• [HOW TO COMPLETE THIS TASK]: Word for word, restate the lines of the listing below from the line with "Faites entrer la" through the line with "ハンバーグのお弁当*最近の子供たちももいろダイアリー♪。", and do not include the pictures.

• [RECORDS SUPPLIED]:
* * *

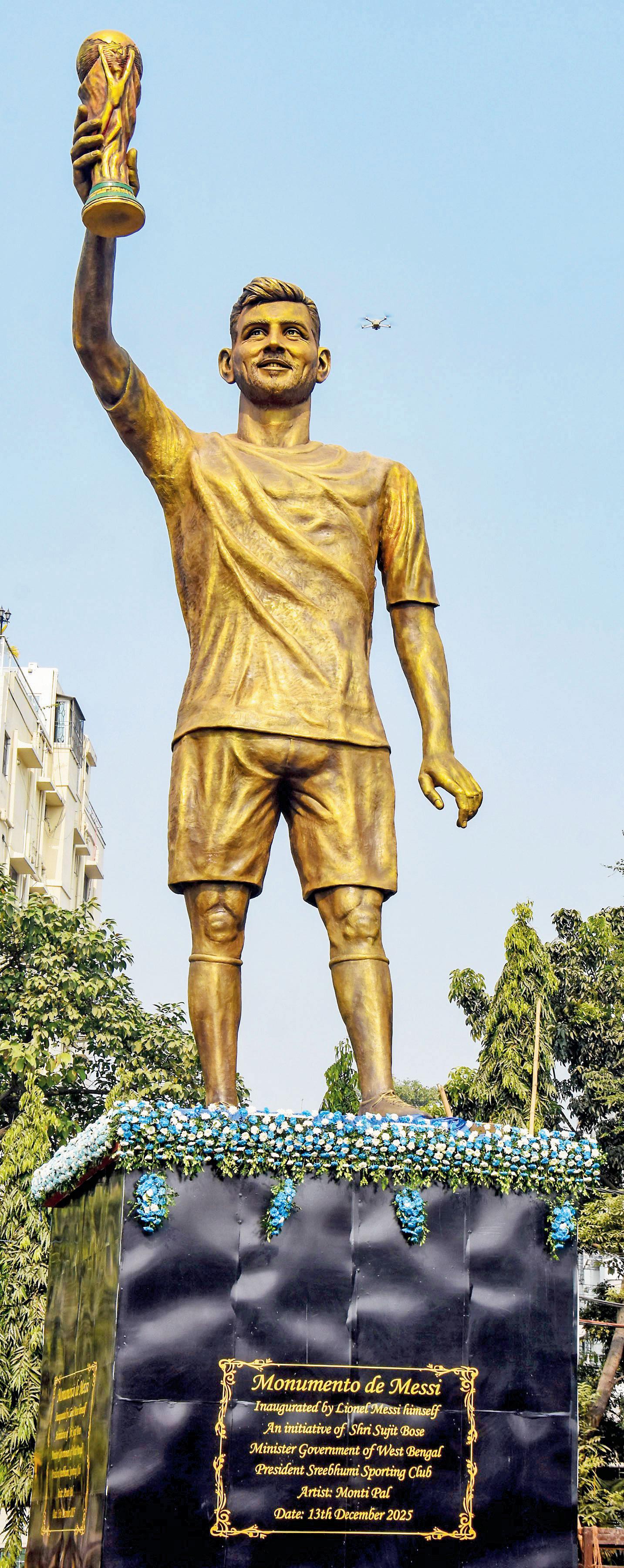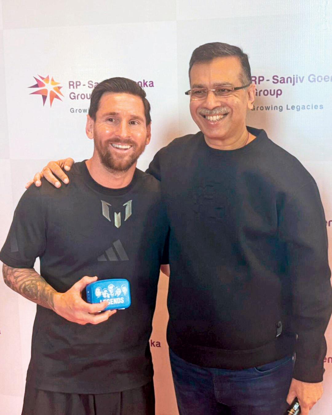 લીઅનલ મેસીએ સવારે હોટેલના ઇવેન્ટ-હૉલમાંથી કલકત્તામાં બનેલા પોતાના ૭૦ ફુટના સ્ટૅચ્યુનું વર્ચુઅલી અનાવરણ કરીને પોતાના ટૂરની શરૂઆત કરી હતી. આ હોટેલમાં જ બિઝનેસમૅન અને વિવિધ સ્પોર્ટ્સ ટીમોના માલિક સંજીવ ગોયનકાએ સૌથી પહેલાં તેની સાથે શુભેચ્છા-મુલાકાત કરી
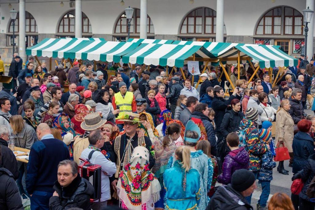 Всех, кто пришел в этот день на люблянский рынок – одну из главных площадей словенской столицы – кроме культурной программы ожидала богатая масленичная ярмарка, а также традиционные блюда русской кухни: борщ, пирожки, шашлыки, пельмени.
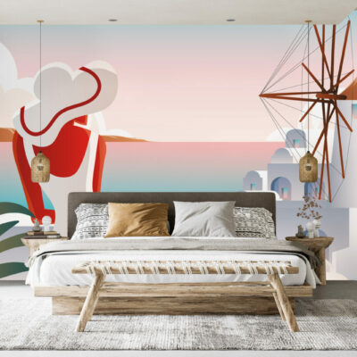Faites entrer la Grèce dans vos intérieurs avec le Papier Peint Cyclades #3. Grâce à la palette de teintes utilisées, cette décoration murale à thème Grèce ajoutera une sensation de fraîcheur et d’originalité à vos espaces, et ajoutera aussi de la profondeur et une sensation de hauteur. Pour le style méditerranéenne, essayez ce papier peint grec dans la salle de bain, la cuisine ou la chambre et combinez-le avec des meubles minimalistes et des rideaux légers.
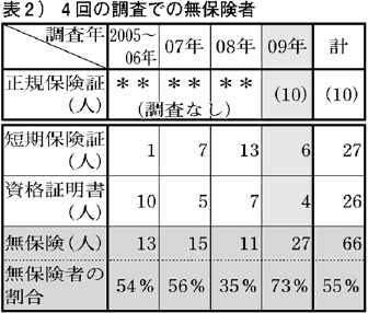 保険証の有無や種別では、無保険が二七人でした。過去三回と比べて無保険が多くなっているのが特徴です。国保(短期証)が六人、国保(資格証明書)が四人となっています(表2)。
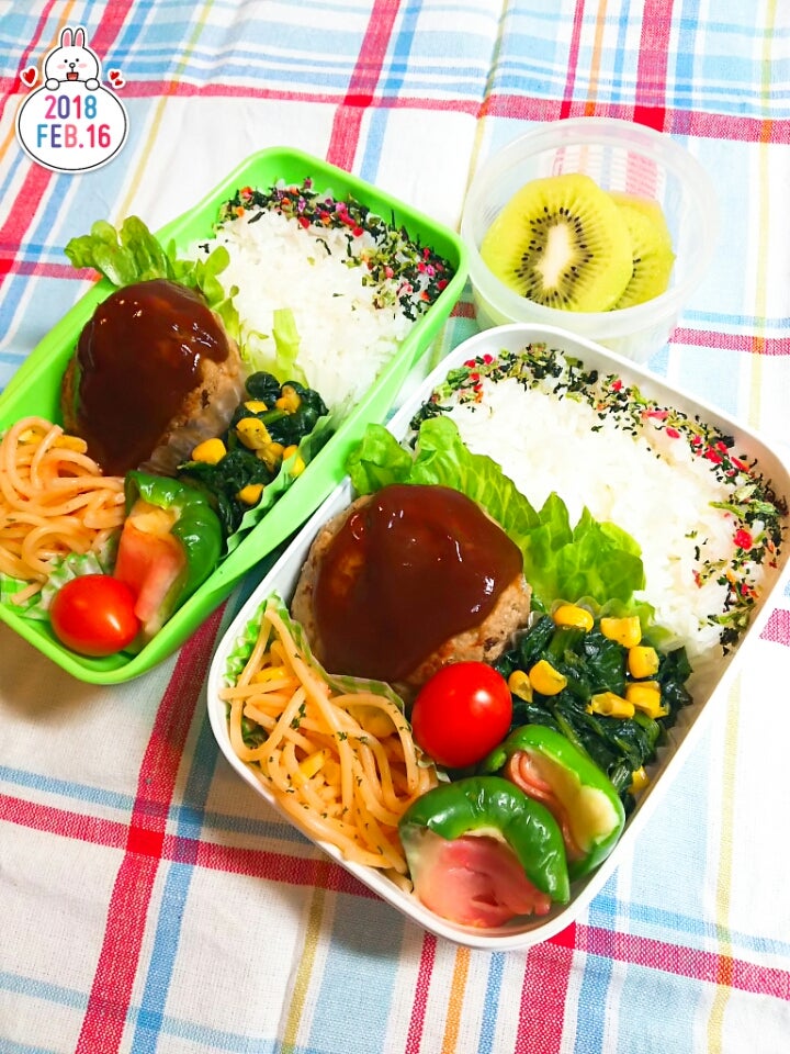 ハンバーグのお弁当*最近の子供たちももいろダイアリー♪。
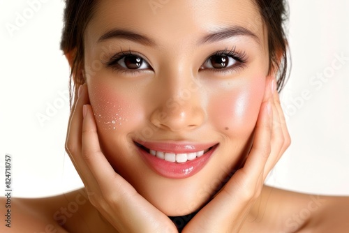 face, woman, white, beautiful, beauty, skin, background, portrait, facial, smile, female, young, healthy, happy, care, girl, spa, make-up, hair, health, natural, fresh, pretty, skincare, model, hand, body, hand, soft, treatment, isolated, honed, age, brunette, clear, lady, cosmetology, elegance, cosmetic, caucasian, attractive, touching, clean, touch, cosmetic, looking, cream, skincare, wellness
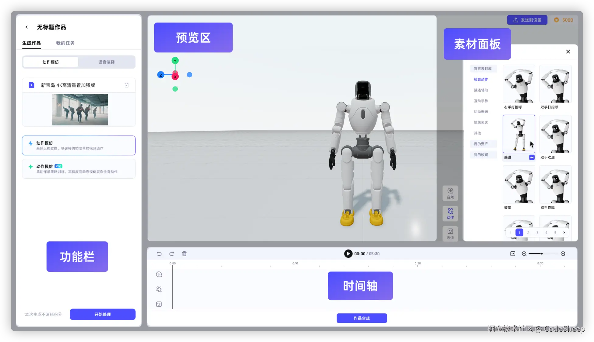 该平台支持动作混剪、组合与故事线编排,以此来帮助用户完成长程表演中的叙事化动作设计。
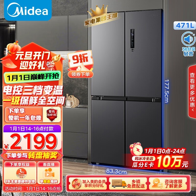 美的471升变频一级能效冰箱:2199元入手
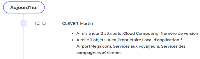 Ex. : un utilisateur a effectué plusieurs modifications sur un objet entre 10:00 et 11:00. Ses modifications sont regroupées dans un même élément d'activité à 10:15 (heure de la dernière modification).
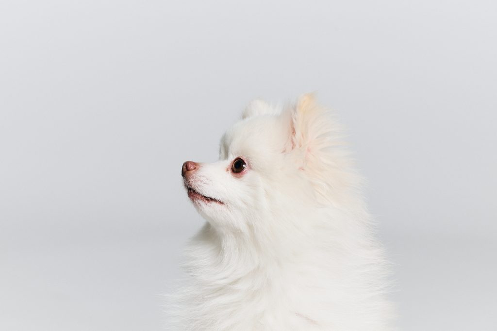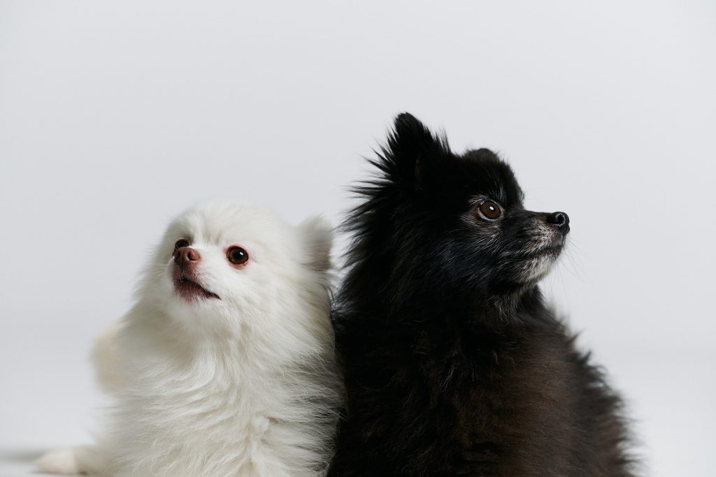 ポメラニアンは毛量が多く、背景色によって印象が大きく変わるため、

* * *

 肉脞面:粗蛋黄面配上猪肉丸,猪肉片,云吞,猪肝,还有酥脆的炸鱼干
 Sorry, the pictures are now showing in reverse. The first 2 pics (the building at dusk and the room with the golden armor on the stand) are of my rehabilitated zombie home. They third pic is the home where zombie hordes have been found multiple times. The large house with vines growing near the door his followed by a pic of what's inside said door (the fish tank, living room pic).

* * *

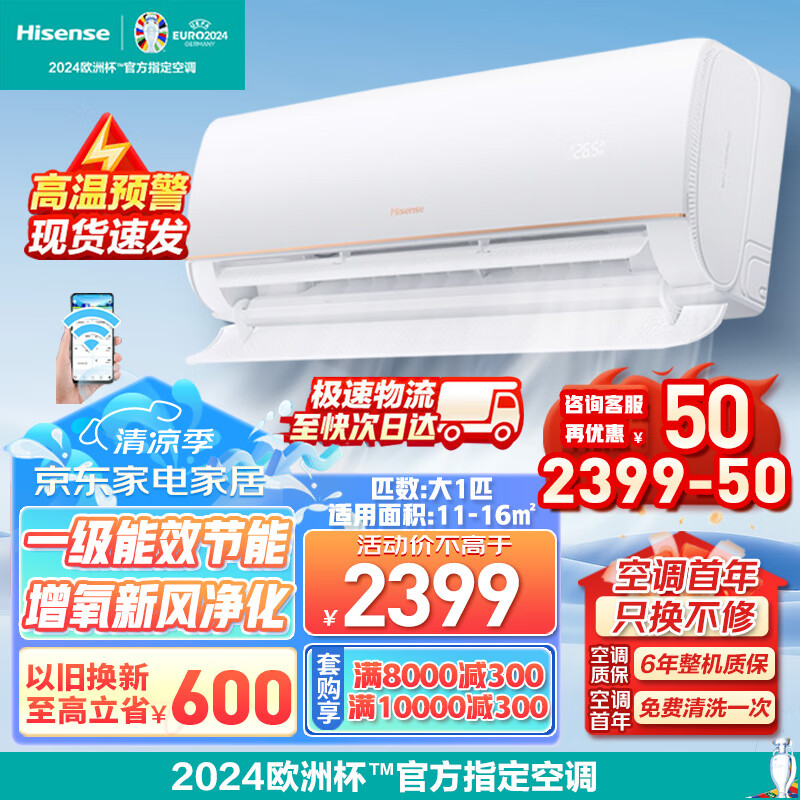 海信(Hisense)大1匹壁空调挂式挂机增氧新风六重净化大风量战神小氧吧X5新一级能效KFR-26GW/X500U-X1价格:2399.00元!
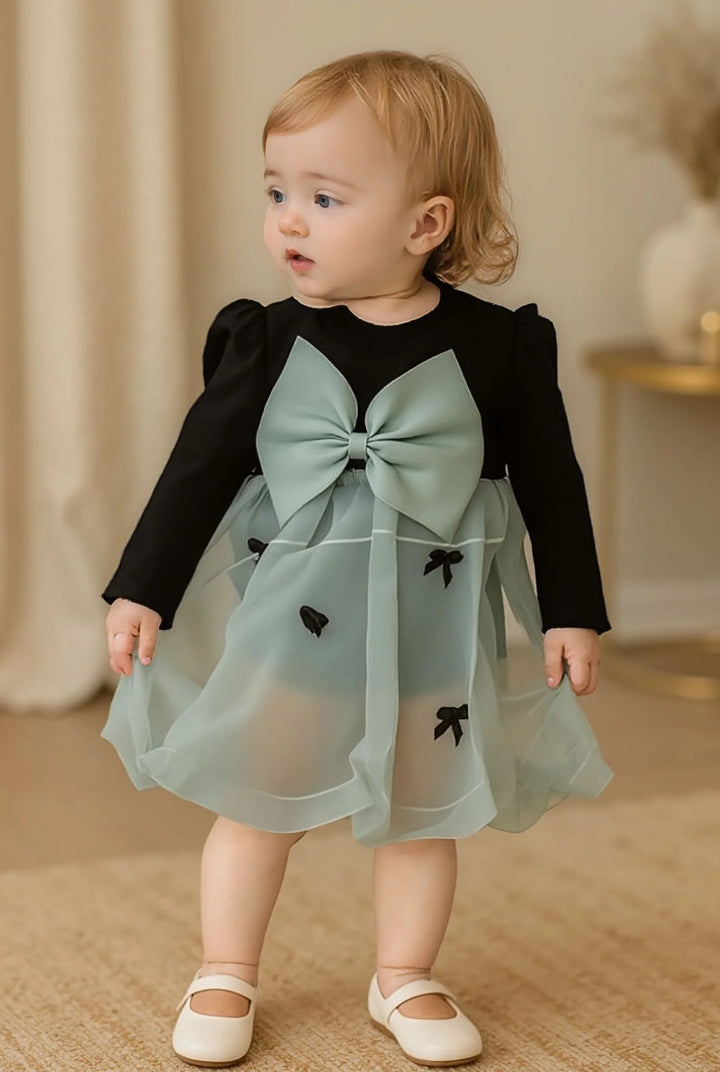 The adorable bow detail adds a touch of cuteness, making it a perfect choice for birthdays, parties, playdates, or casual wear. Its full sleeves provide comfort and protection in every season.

* * *

• [EXERCISE RESULT]:
Faites entrer la Grèce dans vos intérieurs avec le Papier Peint Cyclades #3. Grâce à la palette de teintes utilisées, cette décoration murale à thème Grèce ajoutera une sensation de fraîcheur et d’originalité à vos espaces, et ajoutera aussi de la profondeur et une sensation de hauteur. Pour le style méditerranéenne, essayez ce papier peint grec dans la salle de bain, la cuisine ou la chambre et combinez-le avec des meubles minimalistes et des rideaux légers.
 保険証の有無や種別では、無保険が二七人でした。過去三回と比べて無保険が多くなっているのが特徴です。国保(短期証)が六人、国保(資格証明書)が四人となっています(表2)。
 ハンバーグのお弁当*最近の子供たちももいろダイアリー♪。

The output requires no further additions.